Fortunately, Clojure has the dangerously powerful with-redefs
function, which both Ginny and Eric have written about. I say dangerously powerful because it’s very simple to redefine any function you want. That makes it easy to have a test passing that might not even really test anything (which I suppose is true with many mocks and stubs).
I was able to use with-redefs
to mock out a single read-line
call that gets input from a user and tests a few of my console UI functions. Here’s a simple example of getting a move.
(it "should get a move from a human-player"
(with-redefs [read-line (constantly "1")]
(should= 1 (get-human-move))))
However, I was hitting a wall when trying to put together a series of inputs that could test behavior for invalid input or even an entire game loop.
If I learned one thing during my last foray into tic-tac-toe it’s that there is “the struggle” that’s somewhat necessary to help things sink in, and then there’s the useless banging of the head against a wall. I spent a couple of days thinking about how to simulate the input with no real solutions, so before I spent anytime engaging in the latter activity I decided to take a peek at Colin’s test file for his tic-tac-toe implementation in Clojure, where I discovered not one, but two, gems.

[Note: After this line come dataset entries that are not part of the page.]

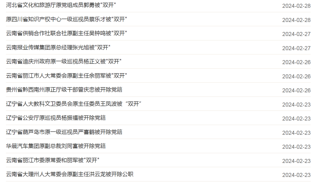 另外还包括:云南省丽江市人大常委会原党组成员、副主任余丽军被开除党籍和公职;辽宁省葫芦岛市原一级巡视员严喜鹤被开除党籍;华晨汽车集团控股有限公司原副总裁刘同富被开除党籍;等等。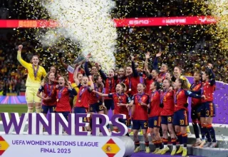 Spain’s women’s football team lifted the Women’s Nations League title after a commanding 3-0 win over Germany in the second leg of the final held in Madrid. The first leg in Kaiserslautern, Germany, had ended in a goalless draw.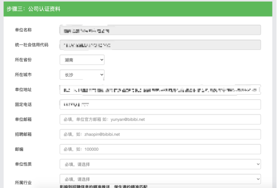 情況二:您的公司未曾注冊過快招聘|云校招企業(yè)服務平臺,則需要填寫公司招聘相關的資料并由平臺進行審核。平臺將在1~3個工作日內審核完成,您可通過賬號設置綁定“云校招企業(yè)服務平臺”接收審核通知。
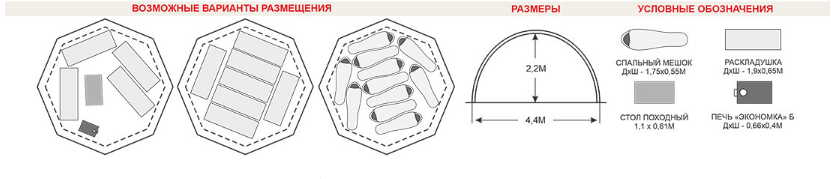 Вместимость палатки до 11 человек при условии размещения в спальных мешках, без установки отопительного прибора (печи).
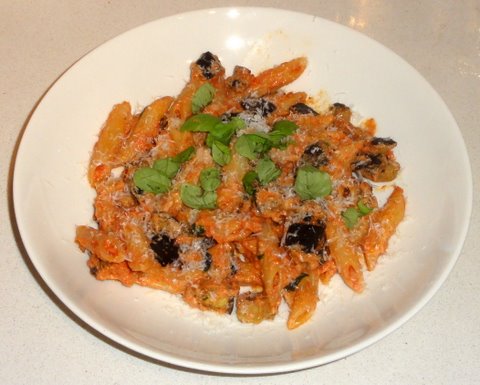 Pasta alla Norma is a dish from Sicily with eggplant in a tomato sauce with sheep’s cheese (ricotta salata). This photo is from the early days of my blog and the dish deserves a better photo. I still prepare it the same, although now I use actual ricotta salata, which I have always in my refrigerator (vacuum sealed it keeps for a very long time).

First up is the with-in-str
function. It’s part of the Clojure core but I hadn’t checked it out yet. This function does a very similar thing to what I was doing with redefining read-line
, but as soon as I saw it knew that this is where I would pass a sequence of inputs. And that’s when I saw the second gem: Colin created a function called make-input
that created a lazy sequence of inputs that could be passed to with-in-str
.
(defn make-input [coll]
(apply str (interleave coll (repat "\n"))))
The interleave
function is the key here, as it creates the lazy sequence, in this case placing a “\n” between each item in the collection that you pass it. So, if I want to test that my get-human-move
rejects words and gets only valid numbers I can do this:
(it "shoud reject a non number and get another input"
(with-in-str (make-input '("nine" 3))
(should= 3 (get-human-move))))
Lazy sequences are definitely something I’m working on wrapping my brain around so the discovery of Colin’s make-input
method was a sweet two-for.
(Thanks as well to Ginny for tipping me off to the ClojureDocs Clojure Core page. For the past month I’ve had at least one browser tab always open to it.)